Additional Description: A reverse_connection cluster's HTTP/2 client codecs are the cluster's outbound link to a peer Envoy (the cluster sits on the sending side of a long-lived multiplexed tunnel). Without an explicit drain trigger those peers learn about the drain only when the TCP socket eventually closes, which defeats the point of a graceful drain.

/drain_listeners?graceful is intentionally NOT used as the trigger for two reasons:

  1. Coupling listener drain to cluster drain is novel in Envoy. No other extension wires server-wide drain into a cluster fan-out today; cluster-level drains happen via host removal, cluster removal, or explicit ClusterManager::drainConnections() calls.
  2. It creates a race window where in-flight egress requests on the draining server can fail with 503 because the listener and the upstream pool are draining in parallel.

An explicit admin verb lets the operator sequence drains:

POST /drain_listeners?graceful&inboundonly   # quiesce ingress
# (wait for egress to migrate to a sibling US)
POST /reverse_tunnel/drain_cluster           # GOAWAY all reverse tunnels
POST /drain_listeners?graceful               # full server drain + SIGTERM

What this change introduces

  • handlerDrainCluster(...) admin handler on ReverseTunnelAcceptorExtension.

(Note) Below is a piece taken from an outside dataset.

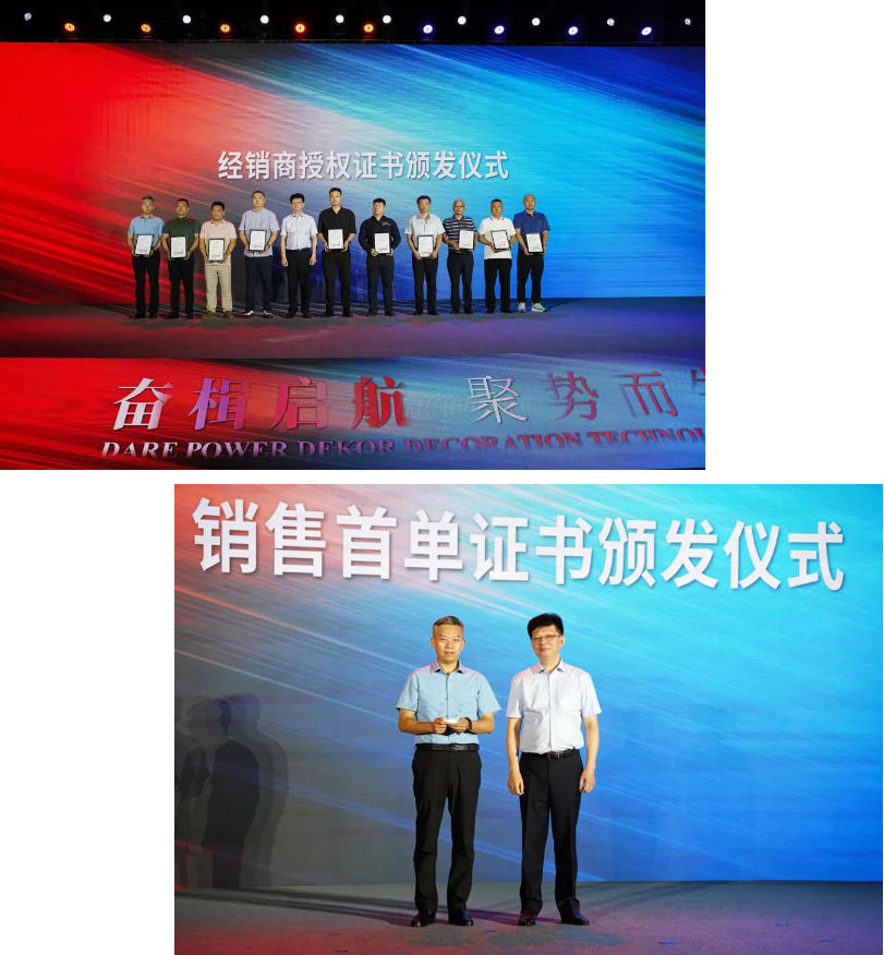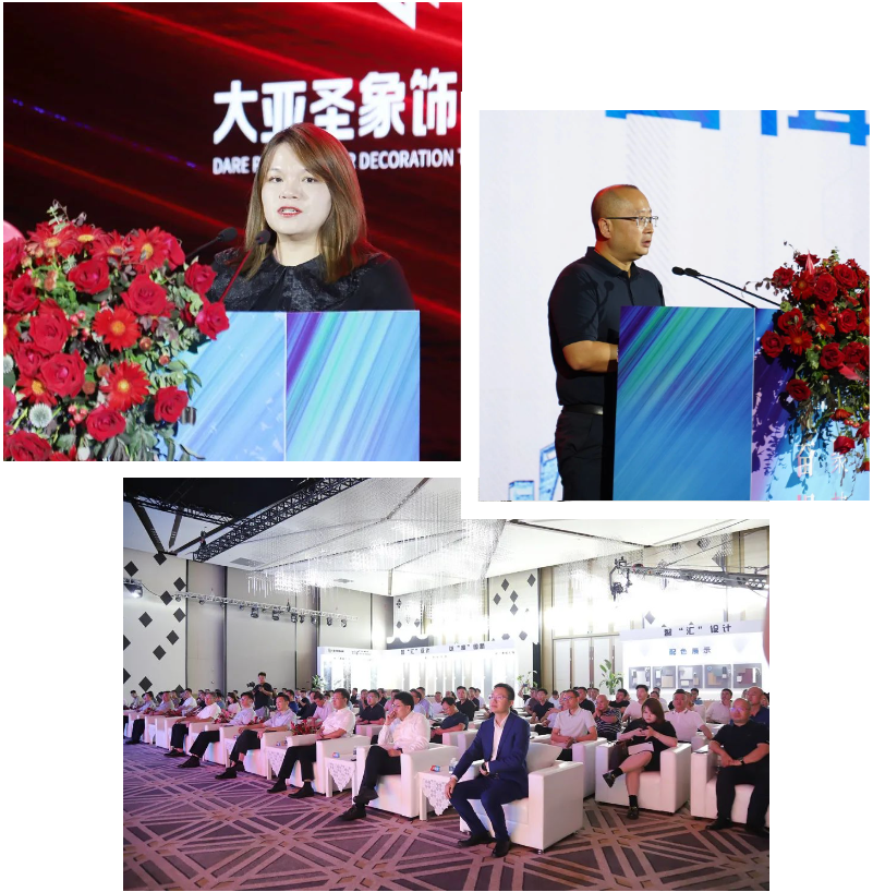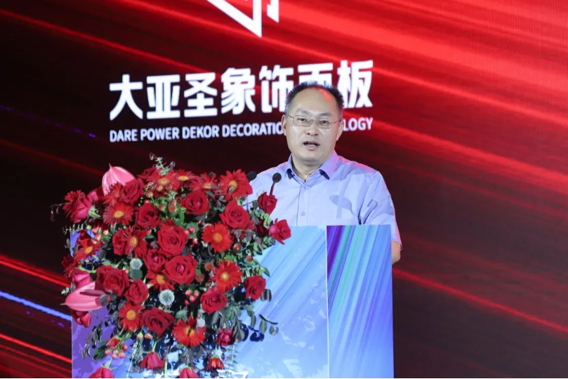 8月1日,大亚圣象饰面板新品发布会在江苏丹阳震撼开启,大亚圣象带着新品启航系列闪耀亮相发布会。国家林草防火司原司长、中国林产工业协会换届领导小组组长、临时负责人周鸿升,中国林产工业协会驻会副会长兼代理秘书长陈天全,中国林科院木材所信息中心主任、中国林产工业协会副秘书长唐召群,大亚集团董事局主席、大亚圣象家居股份董事长陈建军,大亚集团副总裁、大亚人造板集团董事长眭敏,大亚圣象家居股份总裁兼董秘吴谷华,圣象集团副总裁刘海涛,大亚圣象公司代表,各区经销商代表及各界媒体同仁共同出席了本次发布盛会,共同见证新品发布。

Iterates clusterManager().clusters().active_clusters_, finds clusters of type envoy.clusters.reverse_connection, and calls clusterManager().drainConnections(name, /*predicate=*/nullptr, ConnectionPool::DrainBehavior::NotifyPeerAndDrainExisting) on each. The ClusterManager fans the per-cluster drain out to every worker thread that holds a thread-local entry for the cluster.
  • fanOutDrainNotifyPeer() private helper containing the iterate-and-drain body.
  • One-shot guard drain_goaway_dispatched_: a repeat call to the admin endpoint returns "already drained" and is a no-op.
  • onServerInitialized() registers the handler via context_.admin()->addHandler("/reverse_tunnel/drain_cluster", ...) with mutates_server_state=true. Registration is conditional on admin.has_value() so the extension still builds in admin-disabled binaries.
  • When the runtime guard is disabled (the default), the handler returns 503 with a body explaining the guard is off. No drain is dispatched.

Risk Level

Low. The new code path is contained to clusters of type envoy.clusters.reverse_connection, only fires on an explicit admin call (no implicit triggers), and is default-off behind a runtime feature flag. The flag must be flipped on every process that should participate; existing deployments see no change.

Testing

Unit tests (3 new) in reverse_tunnel_acceptor_extension_test.cc:

  • AdminDrainClusterRespectsRuntimeFlag — flag off → 503 with explanatory body; no fan-out.
  • AdminDrainClusterFiresOnReverseConnectionClustersOnly — flag on; asserts drainConnections(NotifyPeerAndDrainExisting) is called on every envoy.clusters.reverse_connection cluster and is NOT called on a same-mock-test cluster of a different type.
  • AdminDrainClusterIsIdempotent — second call returns "already drained" and does NOT re-fire drainConnections.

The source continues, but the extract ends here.